» Data for review:

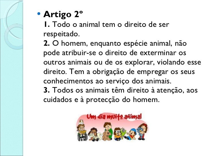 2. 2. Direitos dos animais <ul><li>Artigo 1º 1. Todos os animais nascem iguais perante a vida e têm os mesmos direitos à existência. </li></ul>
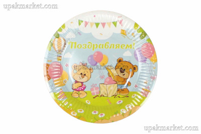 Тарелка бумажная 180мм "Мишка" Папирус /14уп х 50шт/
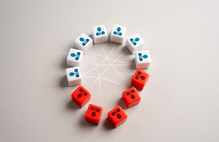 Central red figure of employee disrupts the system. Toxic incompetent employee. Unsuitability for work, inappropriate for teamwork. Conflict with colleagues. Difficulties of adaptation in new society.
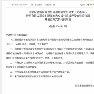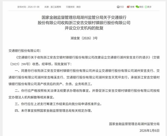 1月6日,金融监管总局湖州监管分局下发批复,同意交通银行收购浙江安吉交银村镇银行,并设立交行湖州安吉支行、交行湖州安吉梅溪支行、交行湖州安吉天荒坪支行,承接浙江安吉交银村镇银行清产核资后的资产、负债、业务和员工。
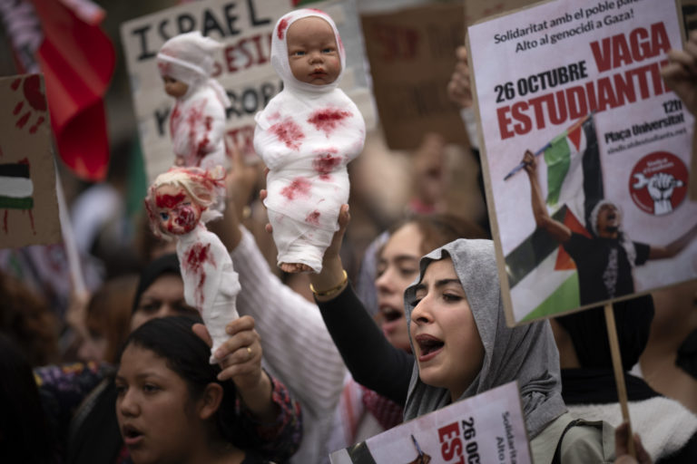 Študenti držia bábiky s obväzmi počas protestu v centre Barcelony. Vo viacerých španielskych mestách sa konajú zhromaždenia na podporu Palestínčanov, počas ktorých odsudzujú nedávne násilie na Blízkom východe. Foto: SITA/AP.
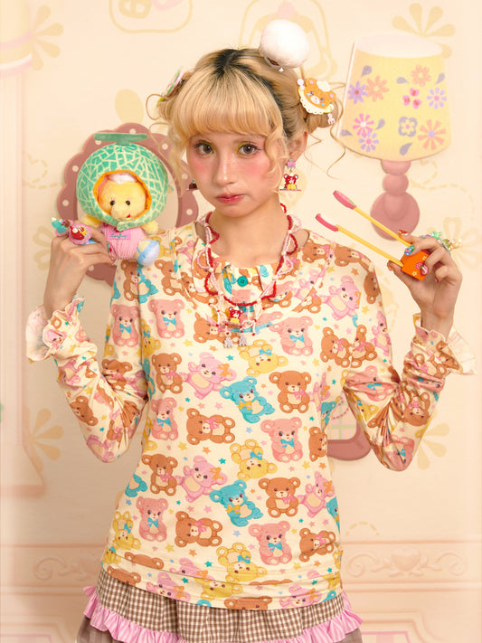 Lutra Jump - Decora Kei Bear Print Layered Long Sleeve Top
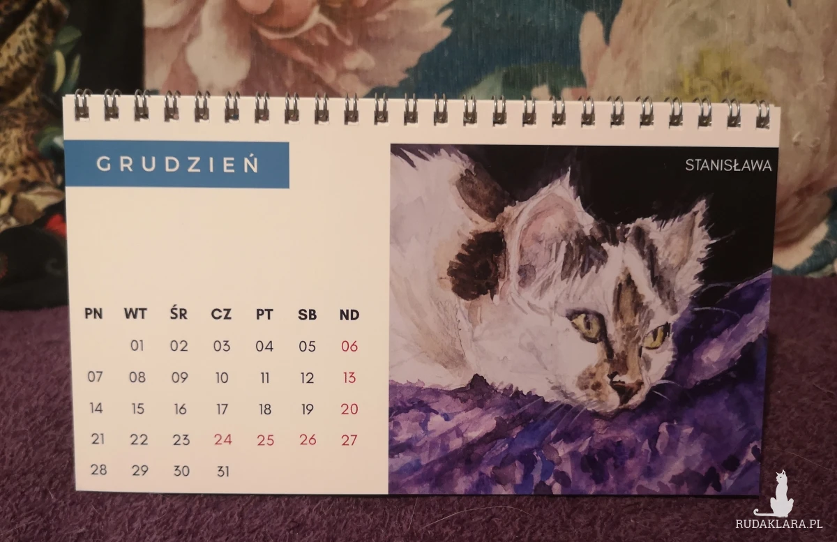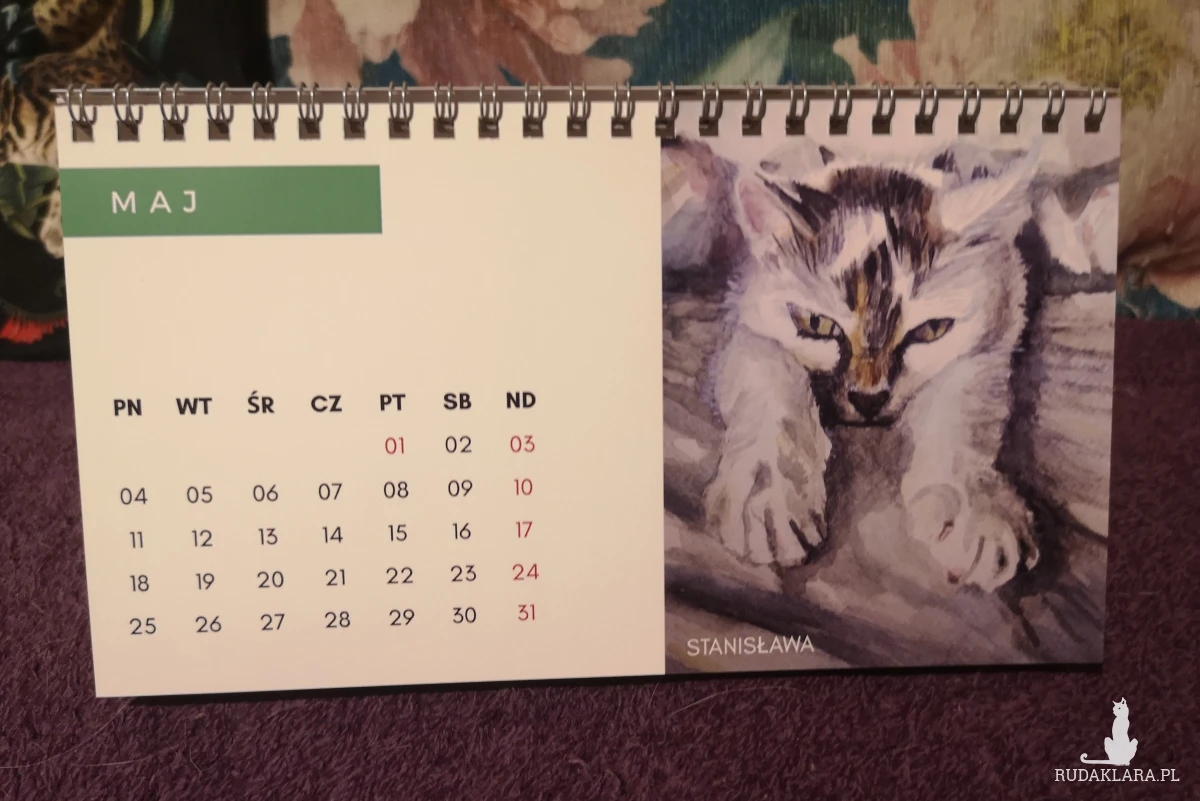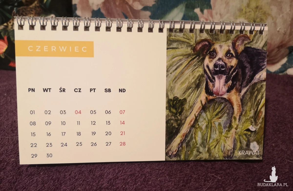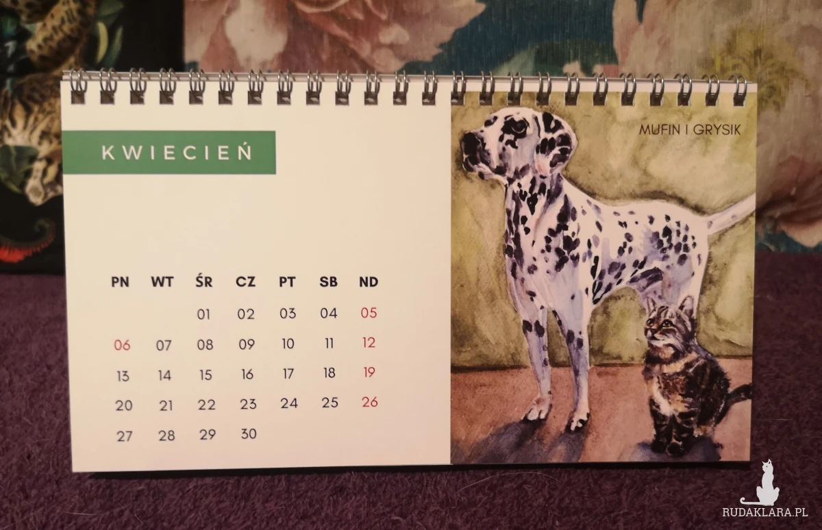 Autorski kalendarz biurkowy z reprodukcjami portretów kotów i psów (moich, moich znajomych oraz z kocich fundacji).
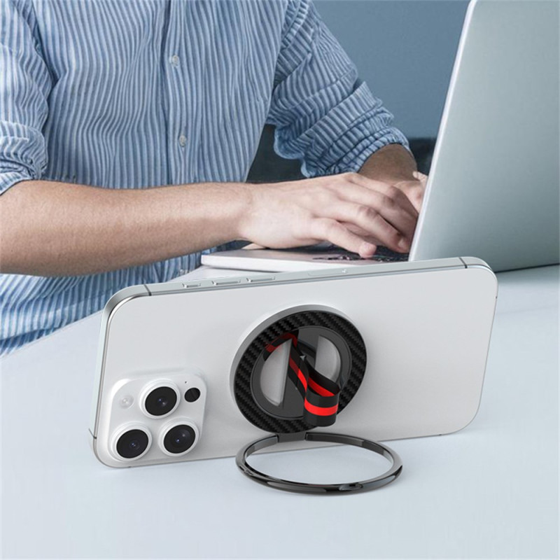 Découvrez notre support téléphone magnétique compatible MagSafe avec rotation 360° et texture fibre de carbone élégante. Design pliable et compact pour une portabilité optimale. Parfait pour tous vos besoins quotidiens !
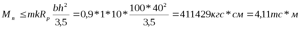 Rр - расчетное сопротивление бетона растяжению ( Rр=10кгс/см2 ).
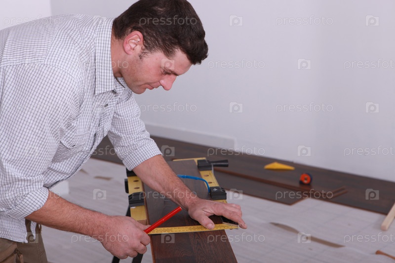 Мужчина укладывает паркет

» Your assignment:
Taking the material above, give again exactly the lines from the one holding "Študenti držia bábiky" through the one holding "Lutra Jump - Decora", with both ends and without pictures.

» Output:
 Študenti držia bábiky s obväzmi počas protestu v centre Barcelony. Vo viacerých španielskych mestách sa konajú zhromaždenia na podporu Palestínčanov, počas ktorých odsudzujú nedávne násilie na Blízkom východe. Foto: SITA/AP.
 Lutra Jump - Decora Kei Bear Print Layered Long Sleeve Top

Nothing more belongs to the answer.